■ Task to complete ■
Please transcribe the data below in full. Omit any picture you find in it.

■ Data section ■
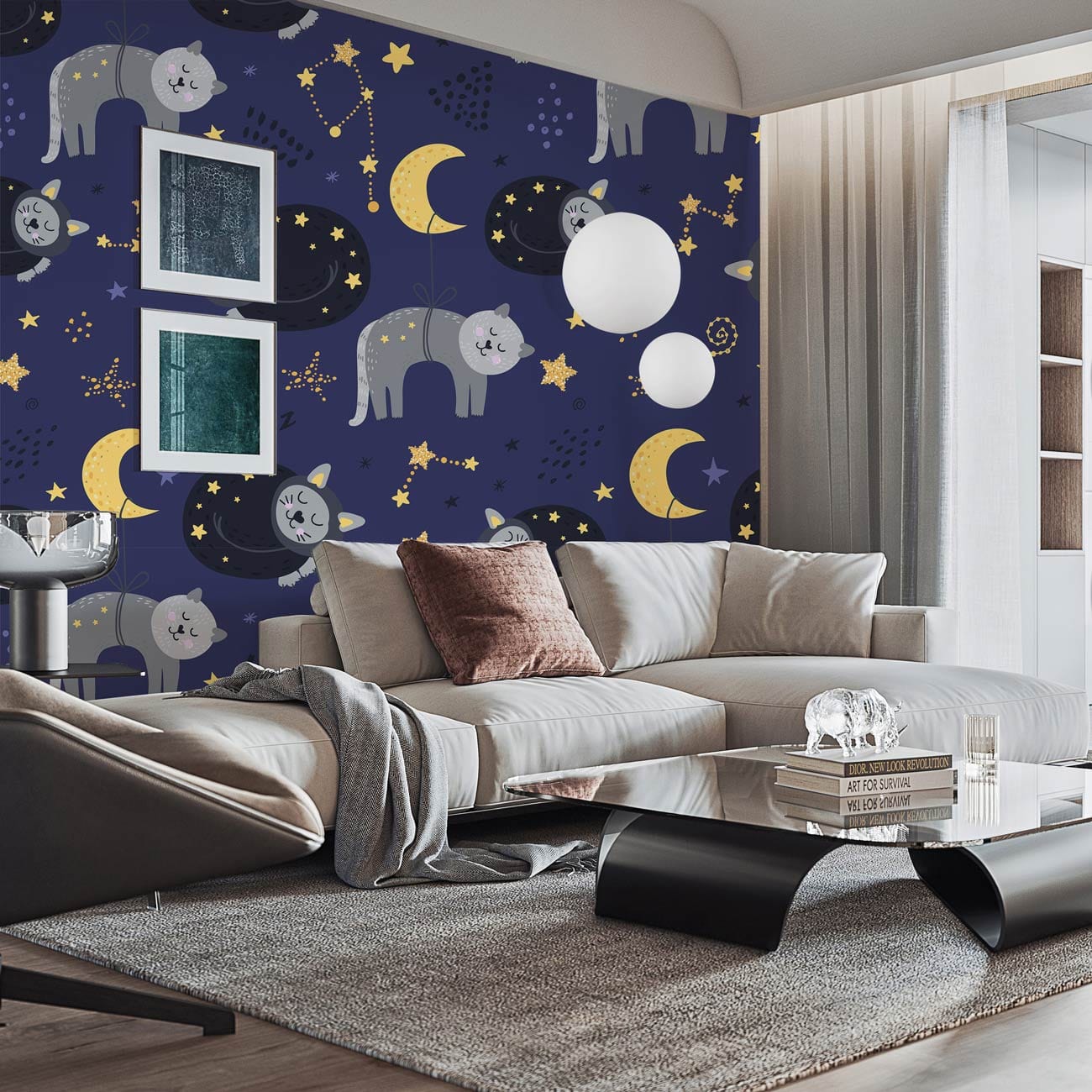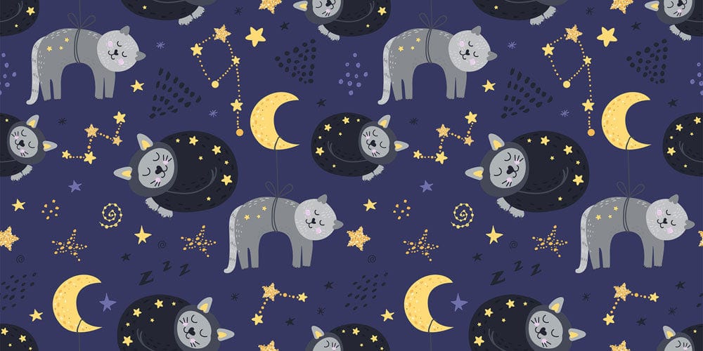 Immerse your space in the whimsical charm of the Sleepy Cat Wallpaper Mural, where serene felines drift amongst starry constellations and mellow crescent moons. The intricate design, paired with a rich navy backdrop, creates an otherworldly atmosphere, evoking a sense of tranquillity and wonder. This mural effortlessly fits into any setting, offering a playful yet sophisticated element to your décor.
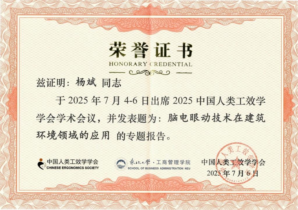 2025年7月5-6日,bevictor伟德官网能源与安全工程学院院长、城市人因工程联合实验室主任杨斌教授应邀参加由中国人类工效学学会主办,东北大学工商管理学院承办的2025中国人类工效学学会学术会议。本次会议以“AI赋能人因工程”为主题,探讨人类工效学在人工智能时代面临的机遇和挑战,分享人因与工效各领域的最新研究和实践成果,加强工效学领域专家学者的交流与合作,促进人因与工效各研究领域的创新发展。
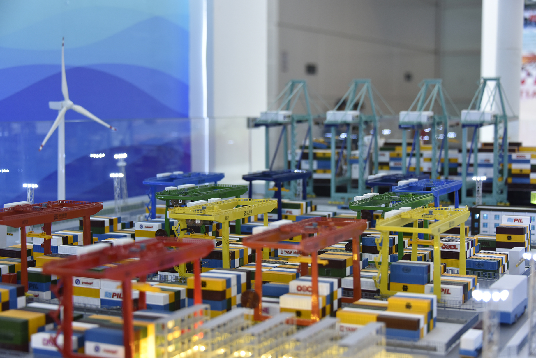 绿色港口展区,通过安全管理提升、环境改善治理、疫情防控责任、绿色运输变革等内容,展现着天津港集团贯彻落实习近平生态文明思想,践行绿色发展理念,全面构建本质安全绿色发展模式,扎实推进绿色港口建设,逐步建设“零碳港区”“零碳港口”;智慧港口展区,“七彩智港”全景式互动沙盘让观众驻足流连,“无人码头”生产作业场景全流程真实呈现。自动化岸桥精准起吊,智能水平运输机器人自动行驶,自动化轨道桥运转不停,两台风电设备稳定运行,以全新模式引领世界港口智能化升级和低碳发展;枢纽港口展区,展示着天津港深化港航协同、积极服务双循环,深入开展“四千行动”等方面取得的显著成果。天津港充分发挥国家重要战略资源作用,深度融入以国内大循环为主体、国内国际双循环相互促进的新发展格局,向世界一流枢纽港口大步迈进。
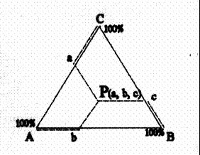 En el diagrama un punto P interior del triángulo es un compuesto que tiene tres coordenadas, a, b y c, leídas sobre cada uno de los lados del triángulo, tal que su suma sea 100%. El punto P (a, b, c) se localiza así: sobre CA marco a, por a trazo paralela al lado BC; sobre AB marco b, por b trazo paralela al lado AC, y sobre el lado BC marco c y por c trazo paralela al lado AB. Las tres paralelas se encuentran en un único punto p, cuando a+b+c=100%.
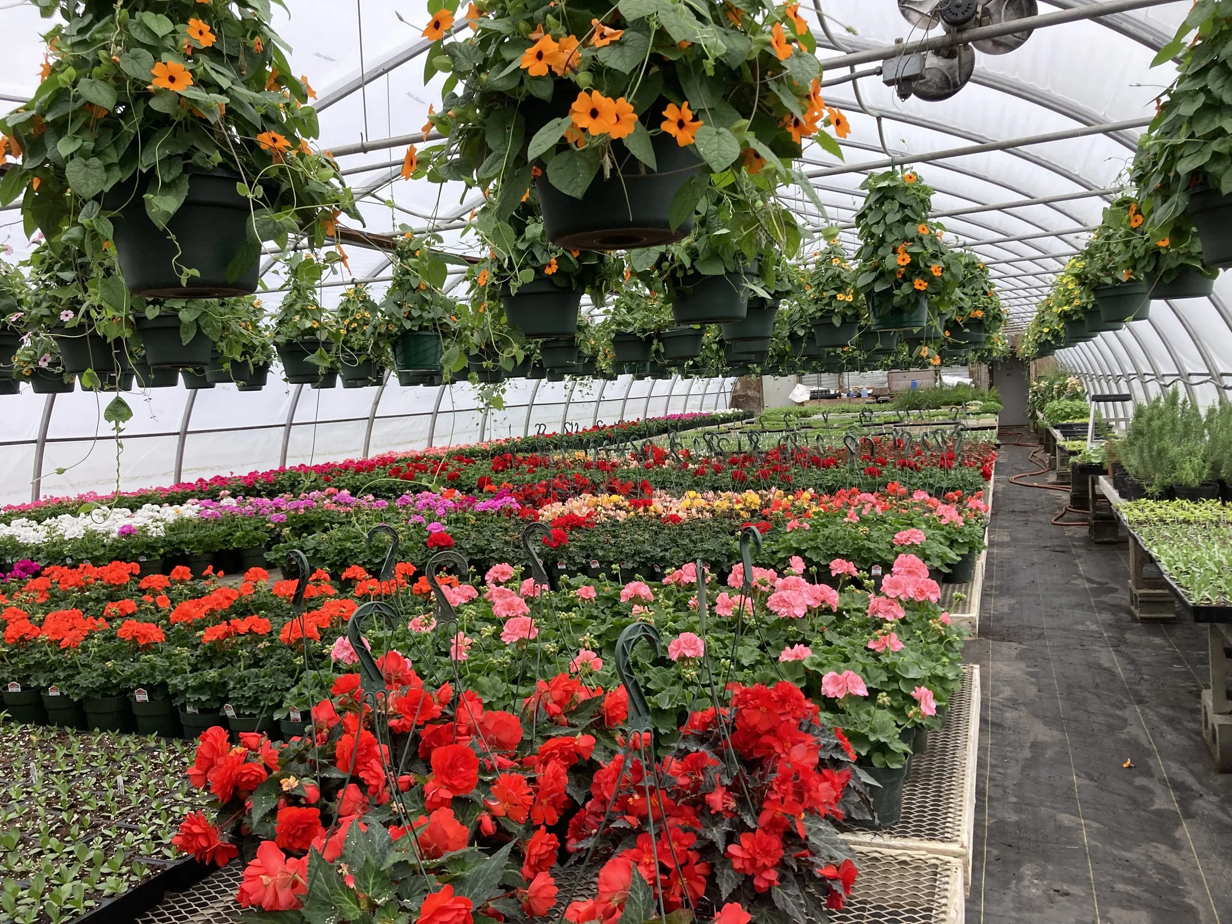 We have five greenhouses loaded with an array of annuals, perennials and vegetable starts. Retail and wholesale customers welcome.
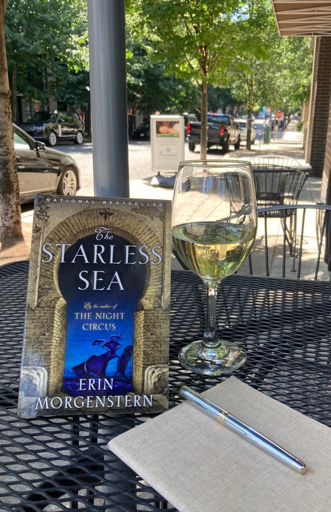 Wednesday was a good day – a trip to Oblation Paper & Printing, a new book from Powell’s, and a bit of café culture at Via Delizia. As I stepped through the door the familiar waiter recognized me, I indicated I would sit outside, all I asked was if he remembered the wine I usually have, he nodded yes. A few minutes later he brought out a French white wine to the table I was sitting at under a blue umbrella. I wrote a letter to my friend Tim; he will appreciate the new ink from my stop at Oblation – Writer’s Blood, by Diamine Ink, a 160 year old company in the UK. Then I settled in to start on the new novel I had just procured at Powell’s – The Starless Sea by Erin Morgenstern. It was recommended by my daughter, Alexis, how could I doubt that? She said it is her favorite book ever.
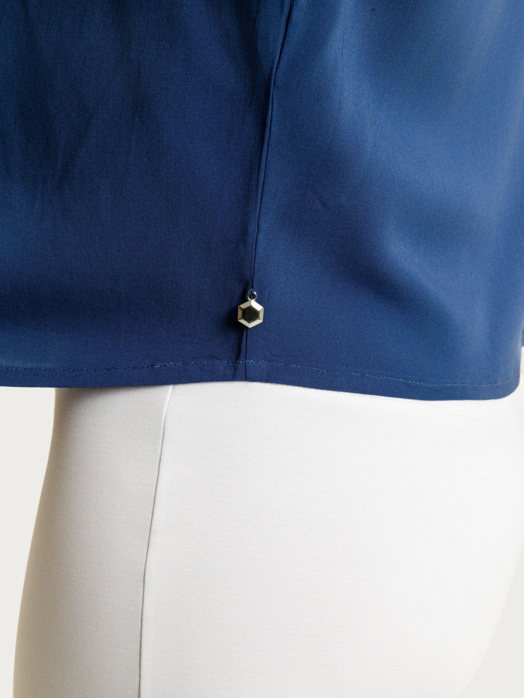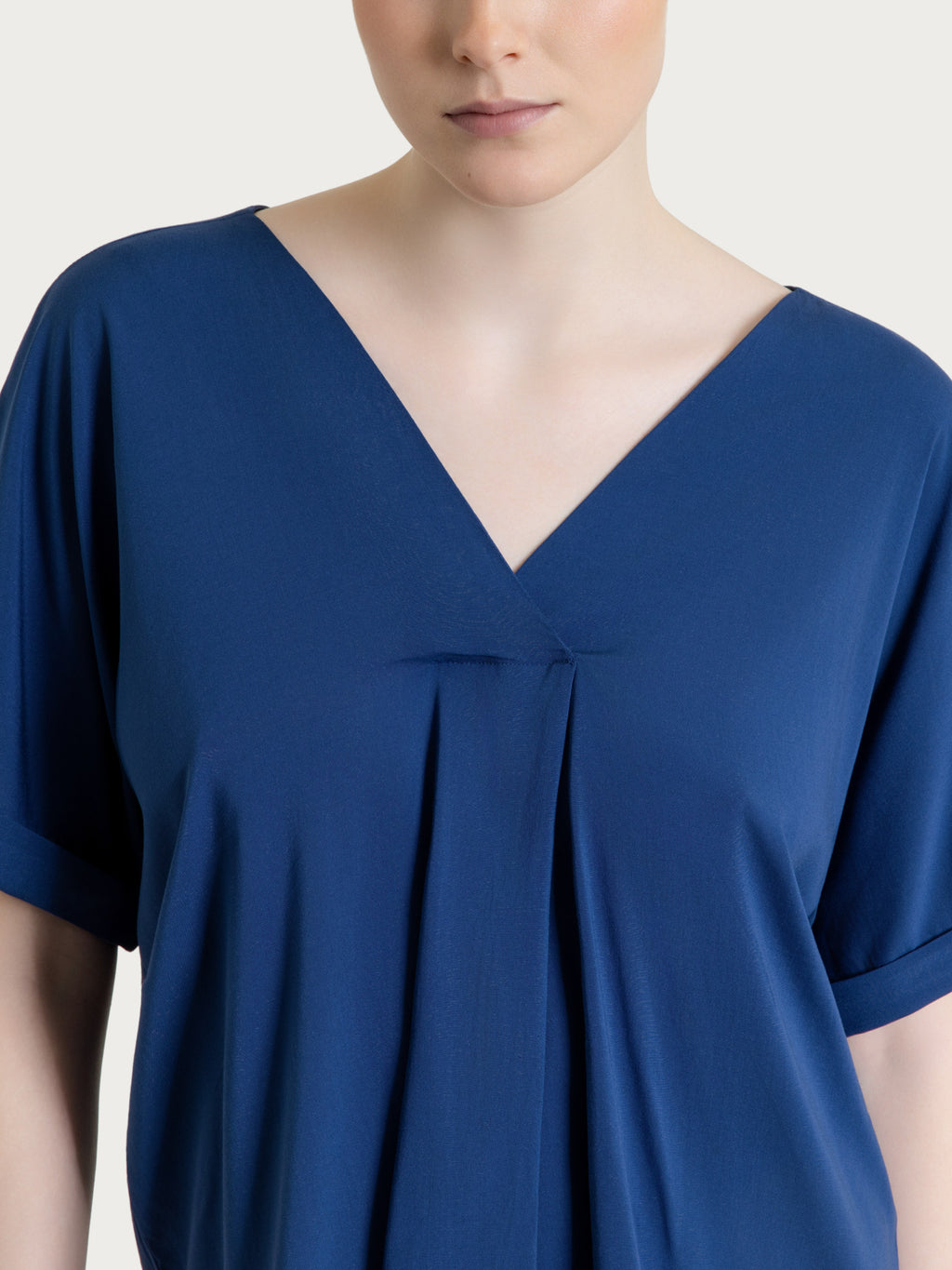 El escote en pico, sin cuello pero con un fondo de pliegues delantero, dibuja una línea limpia que realza el escote, mientras que la manga kimono corta añade un acento contemporáneo y garantiza la máxima libertad de movimiento.
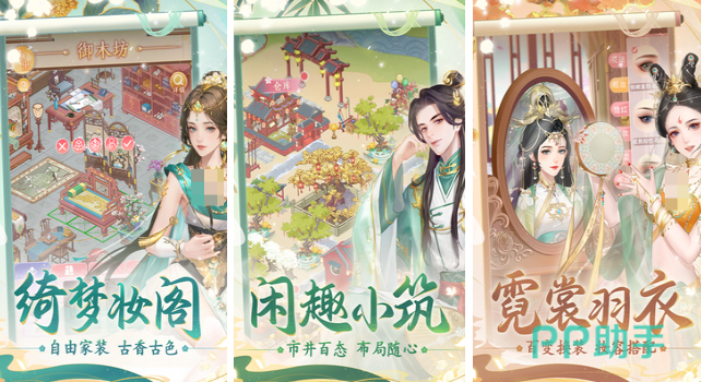跟随女主角的脚步,深入剧情揭开秘宝谜团,体验成长之路,感悟人生中的各种情感,逐步揭开层层迷雾。游戏中设有府邸内外两大场景,供你自由探索与移动,你可随心布置家具,打造属于自己的温馨寝宫,邀请友人做客,品味别样的繁华人生。更有高度自由的捏脸系统,多款华美服饰任你挑选。
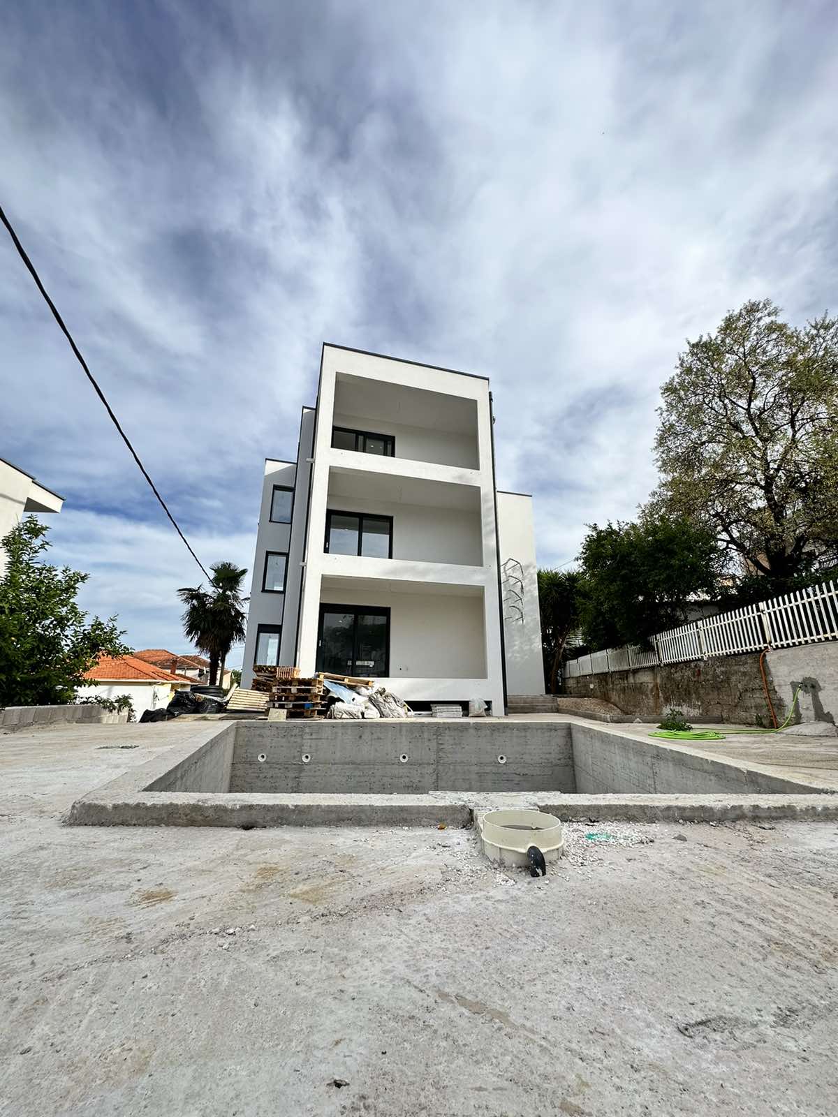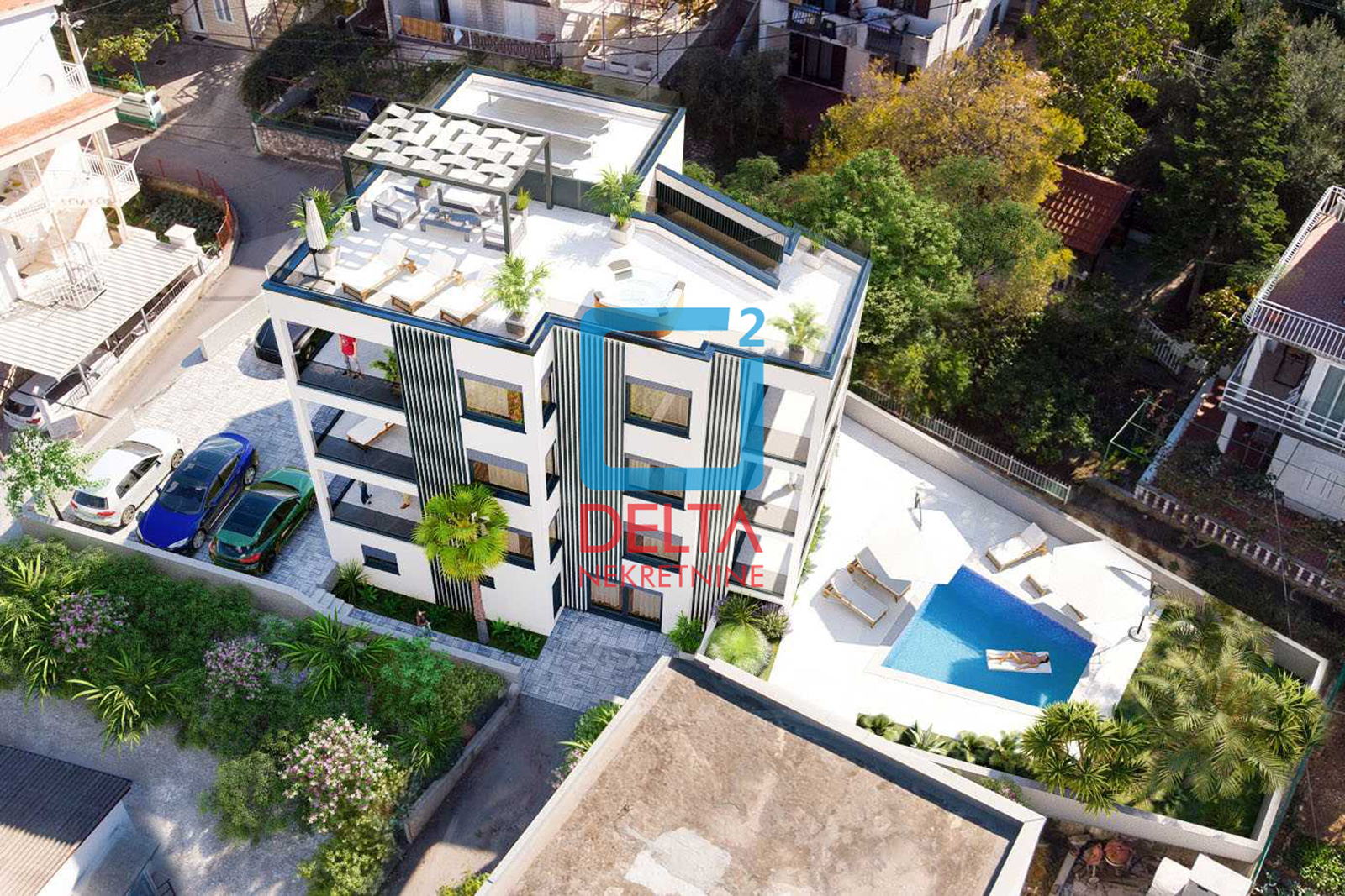 Sa jedne strane zgrade nalazi se bazen, a sa druge parking prostori za apartmane.

■ Response area ■
 Immerse your space in the whimsical charm of the Sleepy Cat Wallpaper Mural, where serene felines drift amongst starry constellations and mellow crescent moons. The intricate design, paired with a rich navy backdrop, creates an otherworldly atmosphere, evoking a sense of tranquillity and wonder. This mural effortlessly fits into any setting, offering a playful yet sophisticated element to your décor.
 2025年7月5-6日,bevictor伟德官网能源与安全工程学院院长、城市人因工程联合实验室主任杨斌教授应邀参加由中国人类工效学学会主办,东北大学工商管理学院承办的2025中国人类工效学学会学术会议。本次会议以“AI赋能人因工程”为主题,探讨人类工效学在人工智能时代面临的机遇和挑战,分享人因与工效各领域的最新研究和实践成果,加强工效学领域专家学者的交流与合作,促进人因与工效各研究领域的创新发展。
 绿色港口展区,通过安全管理提升、环境改善治理、疫情防控责任、绿色运输变革等内容,展现着天津港集团贯彻落实习近平生态文明思想,践行绿色发展理念,全面构建本质安全绿色发展模式,扎实推进绿色港口建设,逐步建设“零碳港区”“零碳港口”;智慧港口展区,“七彩智港”全景式互动沙盘让观众驻足流连,“无人码头”生产作业场景全流程真实呈现。自动化岸桥精准起吊,智能水平运输机器人自动行驶,自动化轨道桥运转不停,两台风电设备稳定运行,以全新模式引领世界港口智能化升级和低碳发展;枢纽港口展区,展示着天津港深化港航协同、积极服务双循环,深入开展“四千行动”等方面取得的显著成果。天津港充分发挥国家重要战略资源作用,深度融入以国内大循环为主体、国内国际双循环相互促进的新发展格局,向世界一流枢纽港口大步迈进。
 En el diagrama un punto P interior del triángulo es un compuesto que tiene tres coordenadas, a, b y c, leídas sobre cada uno de los lados del triángulo, tal que su suma sea 100%. El punto P (a, b, c) se localiza así: sobre CA marco a, por a trazo paralela al lado BC; sobre AB marco b, por b trazo paralela al lado AC, y sobre el lado BC marco c y por c trazo paralela al lado AB. Las tres paralelas se encuentran en un único punto p, cuando a+b+c=100%.
 We have five greenhouses loaded with an array of annuals, perennials and vegetable starts. Retail and wholesale customers welcome.
 Wednesday was a good day – a trip to Oblation Paper & Printing, a new book from Powell’s, and a bit of café culture at Via Delizia. As I stepped through the door the familiar waiter recognized me, I indicated I would sit outside, all I asked was if he remembered the wine I usually have, he nodded yes. A few minutes later he brought out a French white wine to the table I was sitting at under a blue umbrella. I wrote a letter to my friend Tim; he will appreciate the new ink from my stop at Oblation – Writer’s Blood, by Diamine Ink, a 160 year old company in the UK. Then I settled in to start on the new novel I had just procured at Powell’s – The Starless Sea by Erin Morgenstern. It was recommended by my daughter, Alexis, how could I doubt that? She said it is her favorite book ever.
 El escote en pico, sin cuello pero con un fondo de pliegues delantero, dibuja una línea limpia que realza el escote, mientras que la manga kimono corta añade un acento contemporáneo y garantiza la máxima libertad de movimiento.
跟随女主角的脚步,深入剧情揭开秘宝谜团,体验成长之路,感悟人生中的各种情感,逐步揭开层层迷雾。游戏中设有府邸内外两大场景,供你自由探索与移动,你可随心布置家具,打造属于自己的温馨寝宫,邀请友人做客,品味别样的繁华人生。更有高度自由的捏脸系统,多款华美服饰任你挑选。
 Sa jedne strane zgrade nalazi se bazen, a sa druge parking prostori za apartmane.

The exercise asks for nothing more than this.